**Your instructions**:
Would you output the following records verbatim and skip the images in them?

**Provided material**:
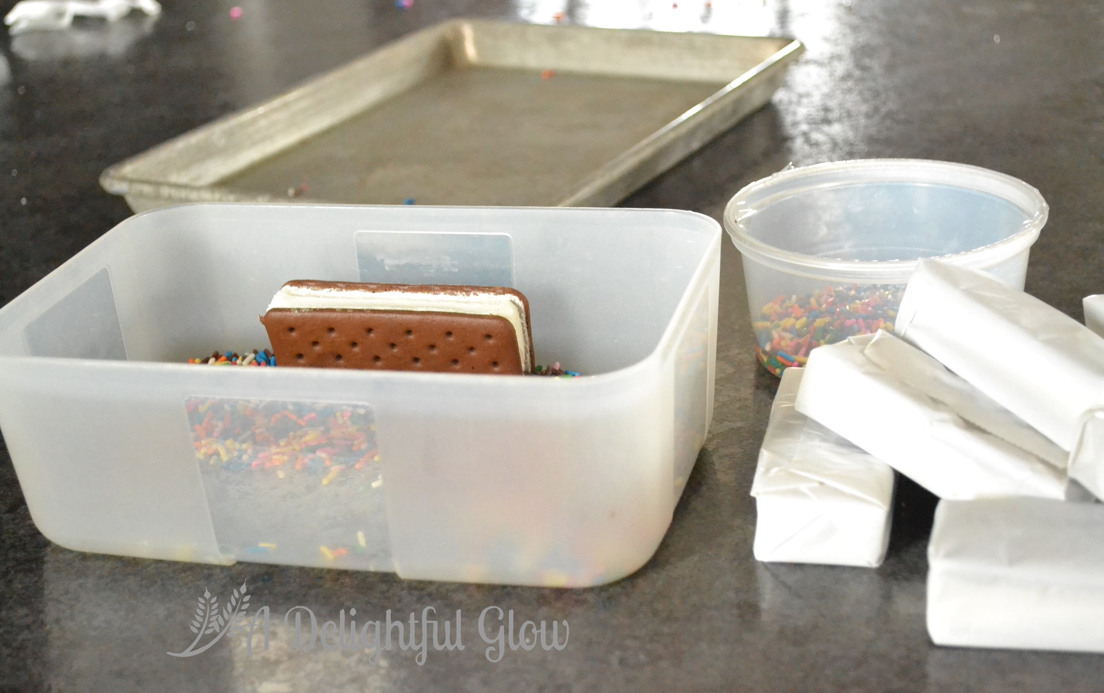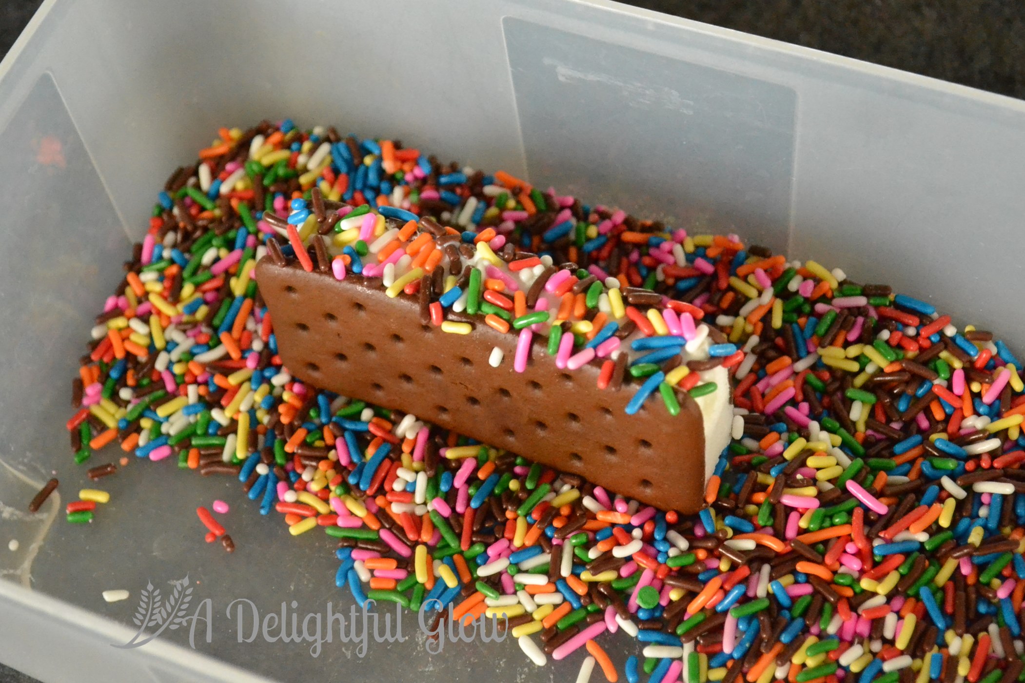 I picked up a pack of mini ice cream sandwiches and I dipped all the edges in sprinkles for flair!
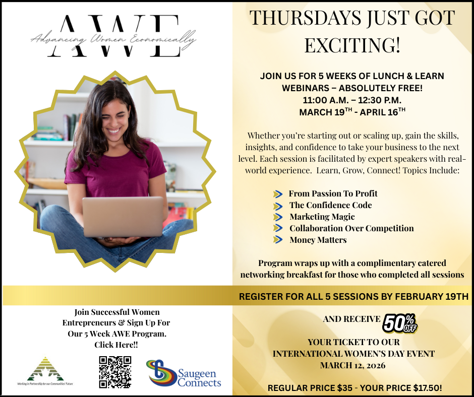 Saugeen Connects Hosts 5th Annual Advancing Women Economically (AWE) Series, Launching in Celebration of International Women’s Day. The AWE program is dedicated to helping women build and sustain successful businesses while strengthening their confidence as entrepreneurs.
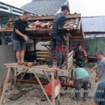 Bhabinkamtibmas Polres OKU Selatan Bersama Warga Gotong Royong Bangun Pos Kamling
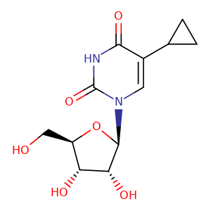 OC[C@@H]1[C@H]([C@H]([C@@H](O1)n2c([nH]c(c(c2)C3CC3)=O)=O)O)O
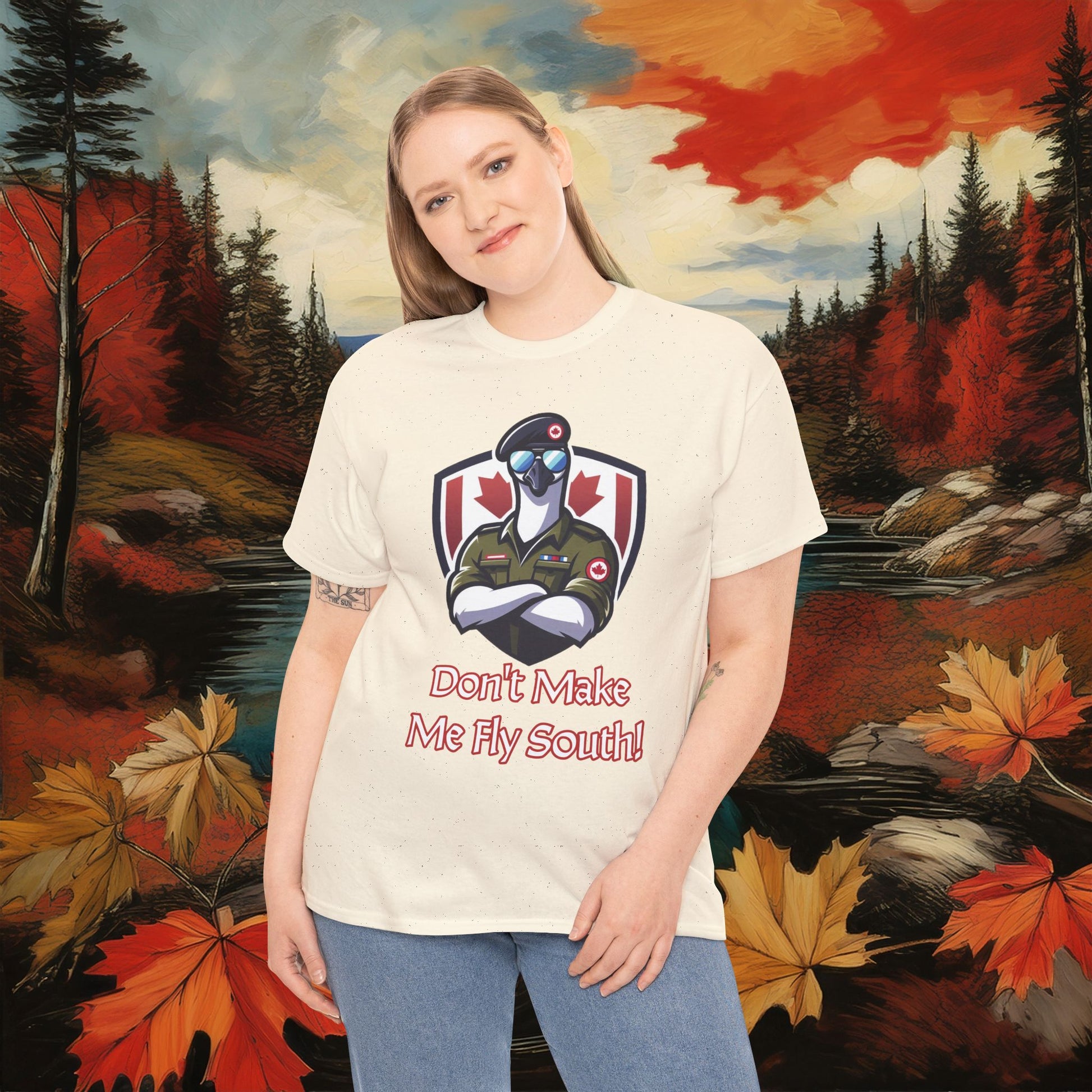 Introducing our Don't Make Me Fly South Canadian themed Unisex Heavy Cotton Tee, the perfect blend of comfort and style that speaks volumes! This tee radiates a relaxed vibe, making it an ideal choice for both casual outings and semi-formal events. Made from sustainably sourced 100% US cotton, it ensures a soft touch against your skin while keeping the environment in mind.

**Answer to this problem**:
 I picked up a pack of mini ice cream sandwiches and I dipped all the edges in sprinkles for flair!
 Saugeen Connects Hosts 5th Annual Advancing Women Economically (AWE) Series, Launching in Celebration of International Women’s Day. The AWE program is dedicated to helping women build and sustain successful businesses while strengthening their confidence as entrepreneurs.
 Bhabinkamtibmas Polres OKU Selatan Bersama Warga Gotong Royong Bangun Pos Kamling
 OC[C@@H]1[C@H]([C@H]([C@@H](O1)n2c([nH]c(c(c2)C3CC3)=O)=O)O)O
 Introducing our Don't Make Me Fly South Canadian themed Unisex Heavy Cotton Tee, the perfect blend of comfort and style that speaks volumes! This tee radiates a relaxed vibe, making it an ideal choice for both casual outings and semi-formal events. Made from sustainably sourced 100% US cotton, it ensures a soft touch against your skin while keeping the environment in mind.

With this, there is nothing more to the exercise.